Consumption is expected to grow modestly in coming quarters (Table 2.A). Such growth is expected to be underpinned by, and be in line with, real income growth. The rate of saving is projected to be broadly flat, although there is uncertainty around that judgement.

The housing market

Developments in the housing market can provide a signal about household spending because decisions about whether to buy a house and whether to spend share common drivers, such as income expectations and confidence. Overall, housing market indicators continue to be somewhat subdued.

Mortgage approvals have been broadly unchanged since mid-2016, and related indicators such as property transactions and growth in secured lending (Chart 2.6) have also been steady at levels well below pre-crisis averages. Relatively subdued housing market activity is likely, in part, to have reflected the squeeze in real incomes over that period.

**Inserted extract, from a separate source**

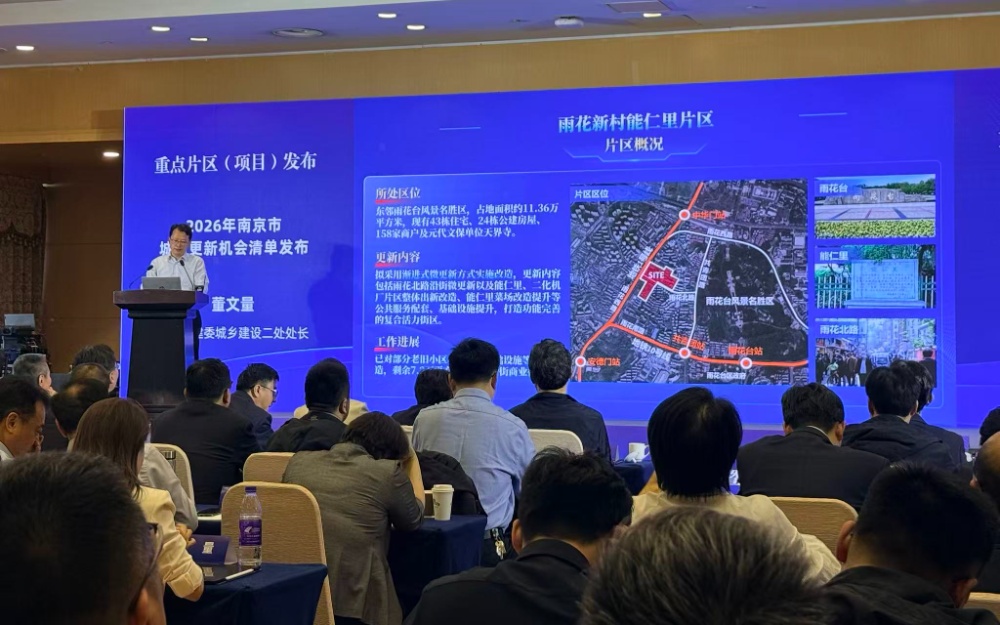 作为全国首批城市更新试点城市,南京以专项规划为引领,系统谋划、统筹推进重点片区更新,在存量空间中挖掘增量价值。论坛上,董文量重磅发布“2026年南京市城市更新机会清单”,环红山森林动物园片区等七个重点项目成为焦点。

Annualised house price inflation was 4.2% in the three months to August according to the UK house price index (HPI) (Chart 2.7). The UK HPI, which was designated a National Statistic in September, covers all housing transactions and is therefore more comprehensive than other measures such as those released by some mortgage lenders. Those other measures are published on a timelier basis but have often been more volatile, particularly over the recent past. Nonetheless, the broad picture of slowing house price inflation since early 2016 has been consistent across a range of indicators.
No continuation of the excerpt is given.